III. Confidentiality and Conflict of Interest

A. Consultants will not disclose confidential information acquired as a result of consulting relationships or negotiations leading towards the establishment of consulting relationships without proper and specific authority, unless there is a legal obligation to do so. Duties of confidentiality must be maintained even in a social or academic setting—both during the pendency of the case and thereafter—unless confidentiality is waived by the party to whom the duty is owed or the information that the linguist discloses is a matter of public record.

B. In any publication or conference presentation that makes use of material or analysis generated by forensic consulting work, or of material that bears directly on the matters at issue in the work undertaken, linguists will reveal the nature of the consulting origins of the generated material. Moreover, when making such use of material generated by forensic linguistic consulting work, the consultant will, whenever feasible, obtain a waiver from any party to whom a duty of confidentiality is owed. If waiver is not feasible or is refused, the consultant should consider whether anonymizing the factual presentation of the material will adequately protect confidentiality. When confidentiality cannot be protected and is not waived, the consultant must forego academic use of such material.

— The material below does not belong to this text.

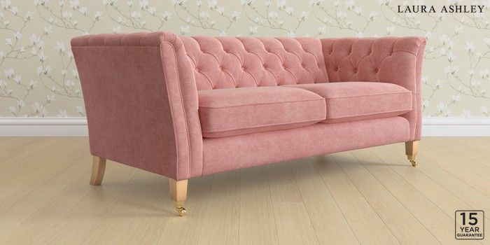 6.12.1 Buy Chatsworth Button Back by Laura Ashley 3 Seater Small Sofa Bainton Old Rose Pink Straight Brass Castor - Light Oak from the Next UK online shop Click here to use our accessible website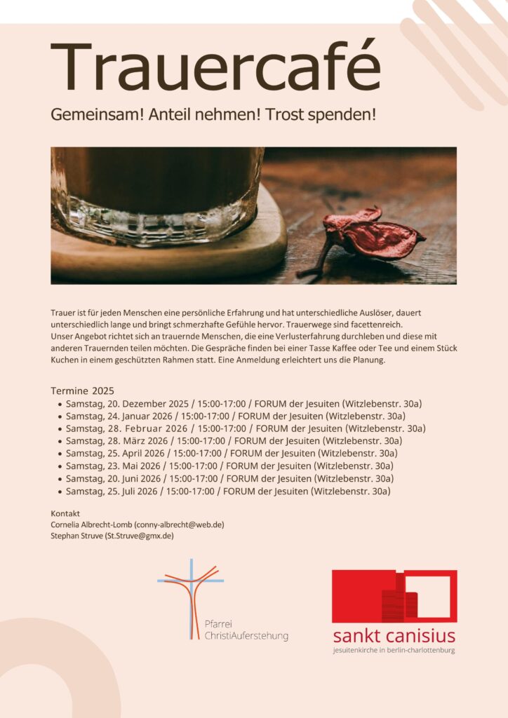 Das Trauercafé-Plakat mit allen Terminen für das 1. Halbjahr 2026 im Anschluss:

C. To avoid appearances of impropriety, during the pendency of a case consultants should avoid unnecessary contacts with an opposing party’s expert witnesses or attorney outside the formal litigation process.

D. Consultants should not accept an engagement that would result in the consultant’s conflict of interest with respect to the potentially engaging party and another party on whose behalf the expert is currently a consultant. Before accepting an engagement that could present such a putative conflict, the consultant will reveal the nature of past, current, and proposed consulting engagements to the attorneys representing both parties so that the attorneys may determine whether a conflict of interest exists or potentially could arise.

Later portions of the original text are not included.